EXPLAINING THE FERRARI-MERCEDES GAP (FOR REAL)

The Chinese Grand Prix ended with yet another Mercedes one-two finish, a result that in itself is hardly surprising anymore. What stands out, however, is the margin with which it came. The gap inflicted on the rest of the field was significant, highlighting once again the solid technical advantage currently enjoyed by the German team.

After the Australian Grand Prix — a track traditionally among the most demanding when it comes to power unit management and therefore theoretically even more favorable to the Mercedes — it was reasonable to expect a different scenario in Shanghai. On paper, the Chinese circuit seemed capable of offering conditions slightly more favorable to the Scuderia Ferrari.

The long middle sector and the opening complex of Turns 1-2-3 looked like sections that could play to the strengths of the SF-26, potentially reducing the importance of Mercedes’ straight-line advantage. In the race, however, that expectation did not materialize, or at least not to the extent that many had anticipated.

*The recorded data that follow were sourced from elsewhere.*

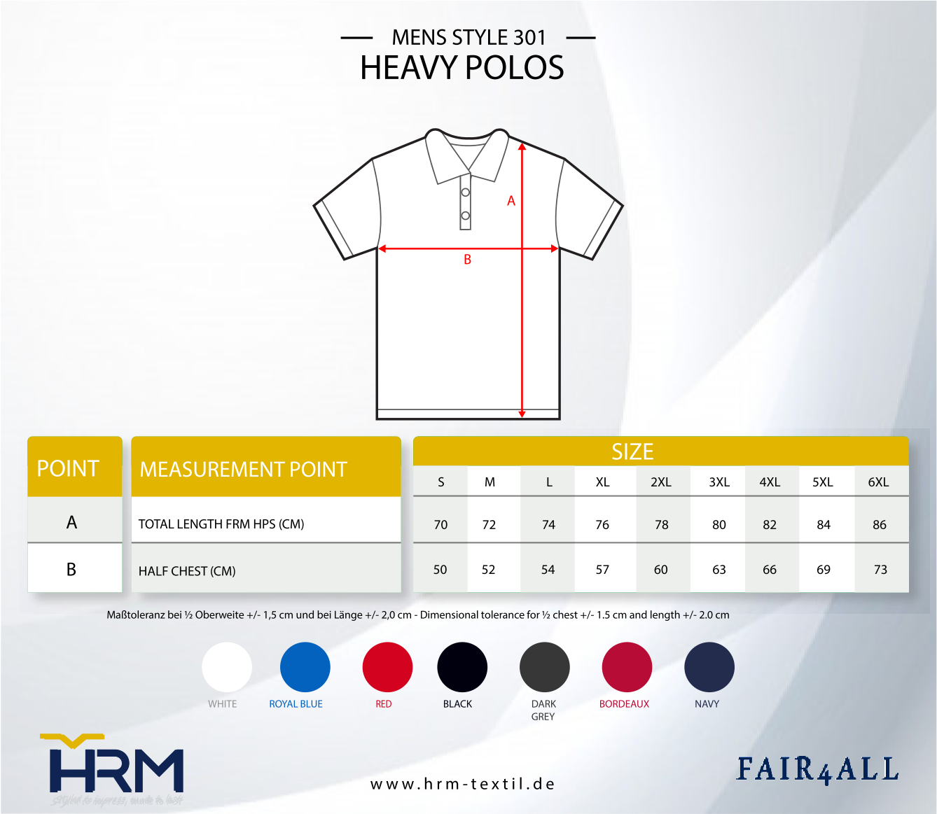 Our HRM Men‘s Heavy Polo Shirts are made from especially robust ring-spun piqué made of 100% cotton. They have a pleasing fashionable cut and a reinforced neckband as well as collar and sleeve ends made from 1x1 rib knit. The tone-in-tone 3-button placket gives the heavy polo shirts a well-balanced look down to the detail. The reinforced side slits and the shoulder-toshoulder neckband ensure a great wear comfort and long durability. The heavy polo shirts are, apart from the woven Fair4All flag-label in the left side seam, label-free and by the anti-shrink and anti-pilling treatment can be washed up to 60°C and is particularly easy to clean even with high and regular wash cycles. They are particularly suitable for extreme indoor and outdoor workwear use.
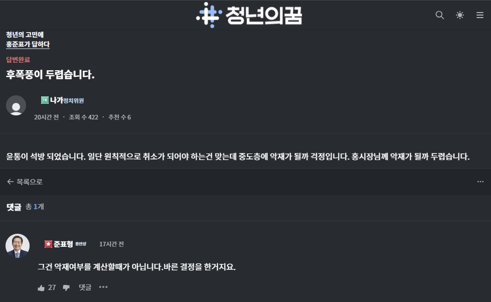 홍 시장은 자신의 정치플랫폼인 '청년의 꿈' 청문홍답 페이지에서 한 네티즌이 윤 대통령 석방이 '홍 시장님께 악재가 될까 두렵다'고 글을 올리자 '그건 악재 여부를 계산할 때가 아니다', '바른 결정을 한 것'이라고 답변했습니다.
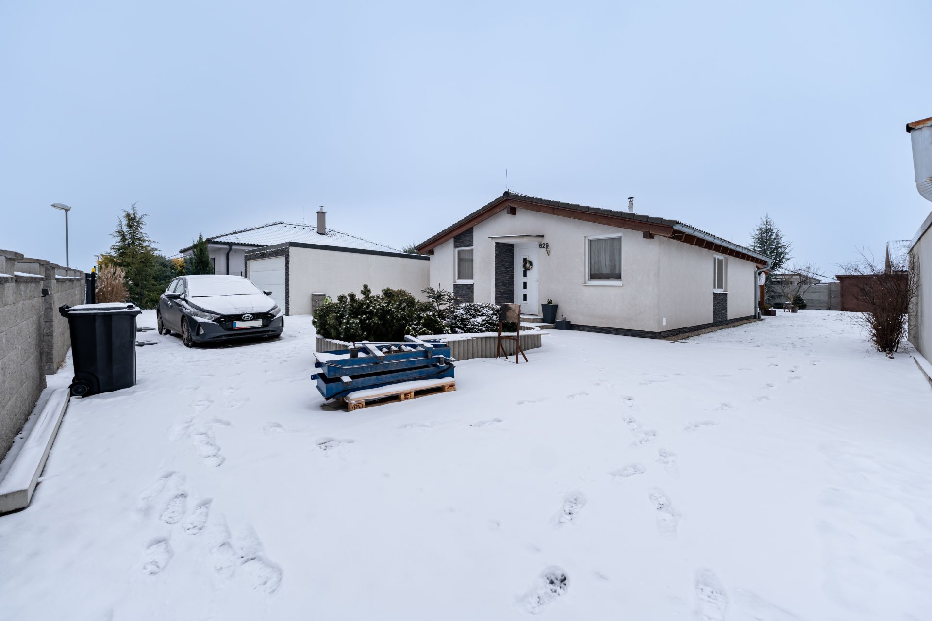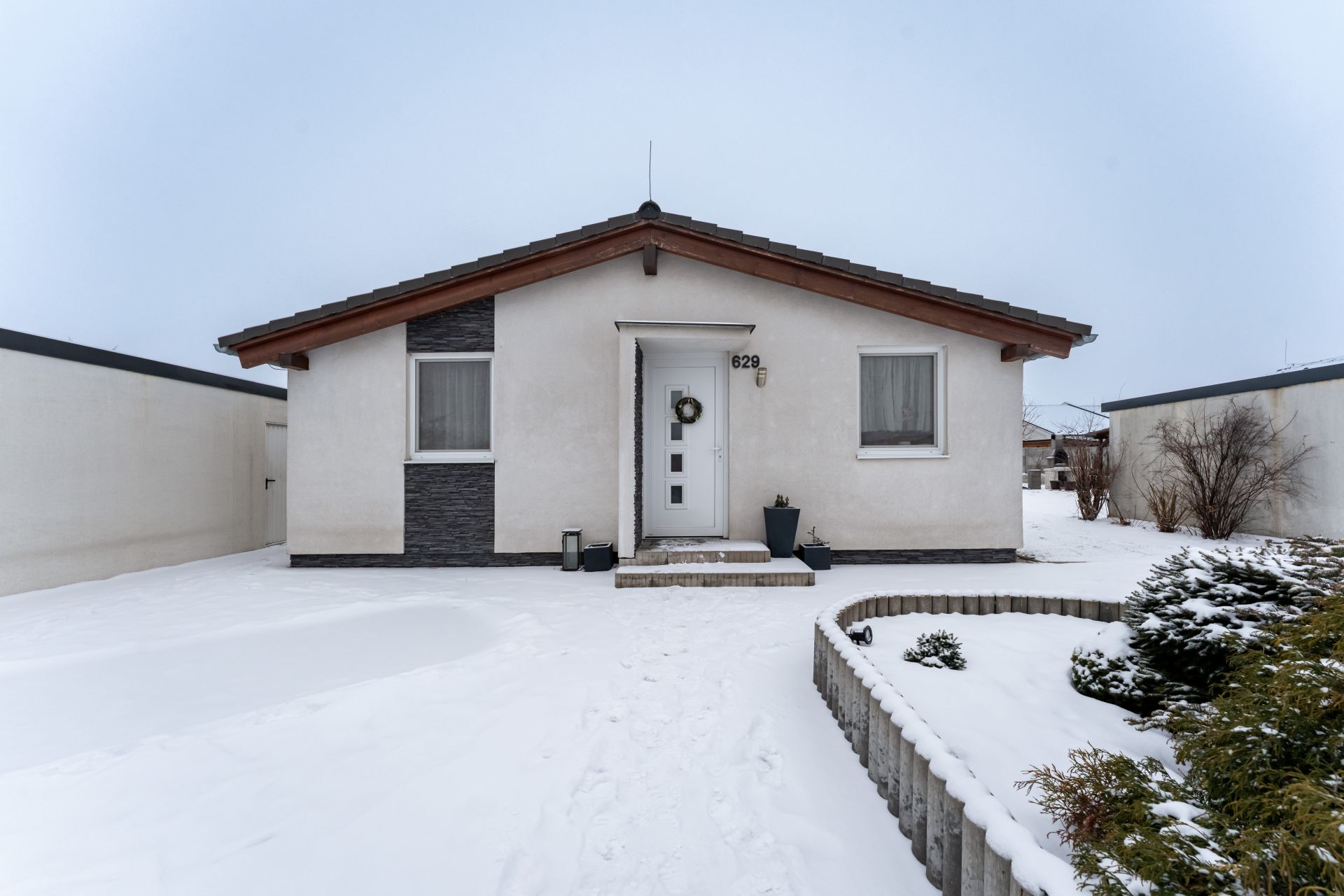 Jedná sa o samostatne stojacu jednopodlažnú stavbu so sedlovou škridlovou strechou, situovanú v novovzniknutej tichej obytnej zóne. V celom dome je podlahové kúrenie, pričom podlahy sú pokryté plávajúcou podlahou a keramickou dlažbou. Na chodbe sa nachádzajú veľké vstavané skrine a ďalšie rolldoor skrine sú v každej spálni, čo zaručuje dostatok úložného priestoru.
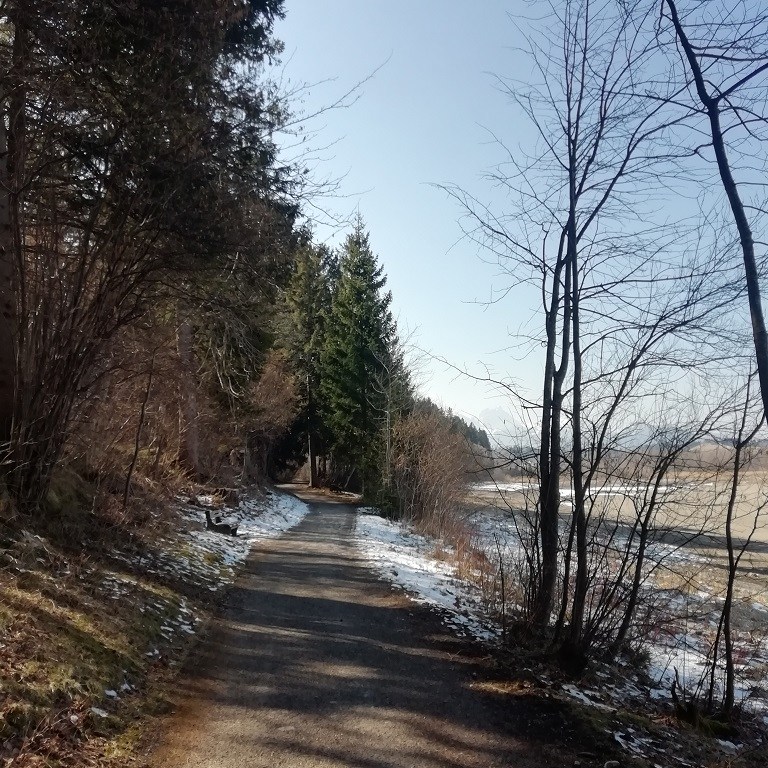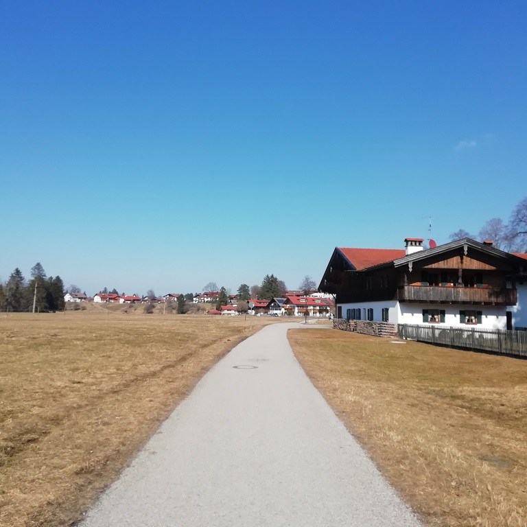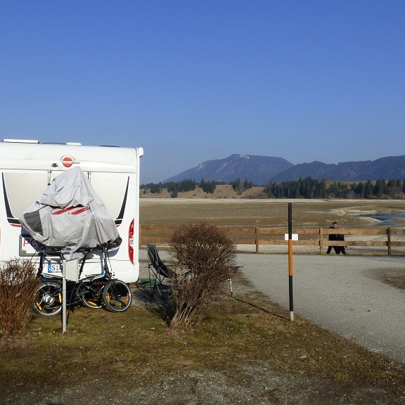Wir lassen uns an der Rezeption noch den Radweg zu den Schlössern erklären und ziehen uns ins Schneckenhaus zurück. Sobald die Sonne weg ist wird es nämlich empfindlich kalt am verschwundenen Forggensee. Aus diesem Grund trauen wir uns auch erst nach einem ausgedehnten Frühstück gegen Mittag auf die Räder.
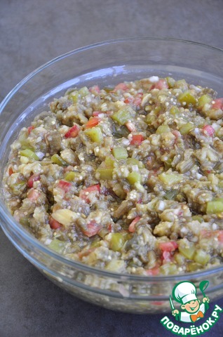 Очищенный перец нарезать кубиком, баклажаны порубить ножом (ни в коем случае не в мясорубке, блендере, миксере, только ножом и только руками).

The most telling figure is the final gap: Lewis Hamilton crossed the line more than 25 seconds behind, whereas in Australia the Ferraris had finished roughly sixteen seconds behind the W17s, despite not benefiting from the Virtual Safety Car. In other words, the red cars ended up showing in race trim a pace deficit very similar — if not slightly worse — than what had already been seen in qualifying.

Melbourne had told a somewhat different story. Despite a qualifying session that did not fully reflect the true competitive order, the SF-26 had appeared noticeably closer to the Mercedes cars over race distance. This naturally raises the question: what changed in just one week? And why did a track that was expected to limit the gap actually end up making it worse?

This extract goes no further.